TRAGEDY, as it was anciently composed, hath been ever held the gravest, moralest, and most profitable of all other Poems; therefore said by Aristotle to be of power, by raising pity and fear, or terror, to purge the mind of those and such-like passions —that is, to temper and reduce them to just measure with a kind of delight, stirred up by reading or seeing those passions well imitated. Nor is Nature wanting in her own effects to make good his assertion; for so, in Physic, things of melancholic hue and quality are used against melancholy, sour against sour, salt to remove salt humours. Hence philosophers and other gravest writers, as Cicero, Plutarch, and others, frequently cite out of tragic poets, both to adorn and illustrate their discourse. The Apostle Paul himself thought it not unworthy to insert a verse of Euripides into the text of Holy Scripture, 1 Cor. xv. 33; and Paræus, commenting on the Revelation, divides the whole Book, as a Tragedy, into acts, distinguished each by a Chorus of Heavenly Harpings and Song between. Heretofore men in highest dignity have laboured not a little to be thought able to compose a tragedy. Of that honour Dionysius the elder was no less ambitious than before of his attaining to the tyranny. Augustus Cæsar also had begun his Ajax, but, unable to please his own judgment with what he had begun, left it unfinished. Seneca, the philosopher, is by some thought the author of those tragedies (at least the best of them) that go under that name. Gregory Nazianzen, a Father of the Church, thought it not unbeseeming the sanctity of his person to write a tragedy, which he entitled Christ Suffering. This is mentioned to vindicate Tragedy from the small esteem, or rather infamy, which in the account of many it undergoes at this day, with other common

Interludes; happening through the poet's error of intermixing comic stuff with tragic sadness and gravity, or introducing trivial and vulgar persons: which by all judicious hath been counted absurd, and brought in without discretion, corruptly to gratify the people. And, though ancient Tragedy use no Prologue, yet using sometimes, in case of self-defence or explanation, that which Martial calls an Epistle, in behalf of this tragedy, coming forth after the ancient manner, much different from what among us passes for best, thus much beforehand may be epistled-that Chorus is here introduced after the Greek manner, not ancient only, but modern, and still in use among the Italians. In the modelling therefore of this poem, with good reason, the Ancients and Italians are rather followed, as of much more authority and fame. The measure of verse used in the Chorus is of all sorts, called by the Greeks Monostrophic, or rather Apolelymenon, without regard had to Strophe, Antistrophe, or Epode,—which were a kind of stanzas framed only for the music, then used with the Chorus that sung; not essential to the poem, and therefore not material; or, being divided into stanzas or pauses, they may be called Allæostropha. Division into act and scene, referring chiefly to the stage (to which this work never was intended), is here omitted.

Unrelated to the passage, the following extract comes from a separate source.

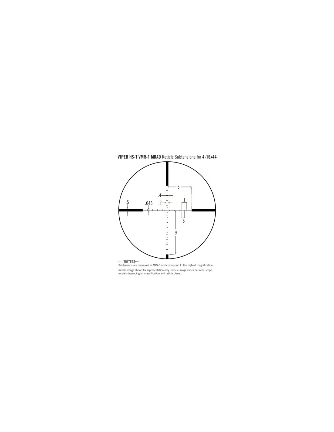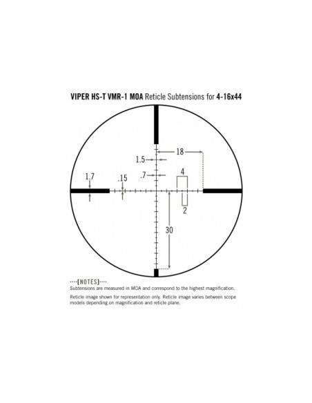 - Typ krzyża celowniczego (siatki): VMR-1 MOA, VMR-1 MRAD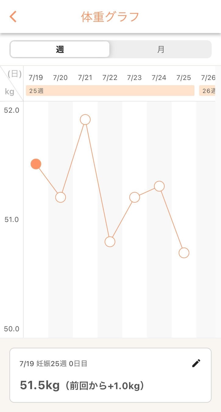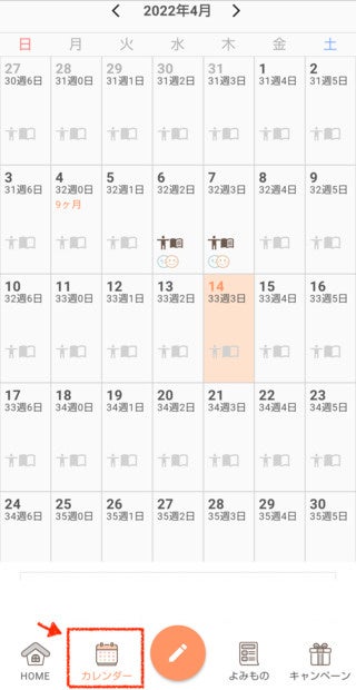 妊娠週数が一目でわかるようになりました。また、妊婦健診の日も追加でき、スケジュールをしっかりと管理することができます。

It suffices if the whole drama be found not produced beyond the fifth act. Of the style and uniformity, and that commonly called the plot, whether intricate or explicit—which is nothing indeed but such ceconomy, or disposition of the fable, as may stand best with verisimilitude and decorum—they only will best judge who are not unacquainted with Æschylus, Sophocles, and Euripides, the three tragic poets unequalled yet by any, and the. best rule to all who endeavour to write Tragedy. The circumscription of time, wherein the whole drama begins and ends, is, according to ancient rule and best example, within the space of twenty-four hours.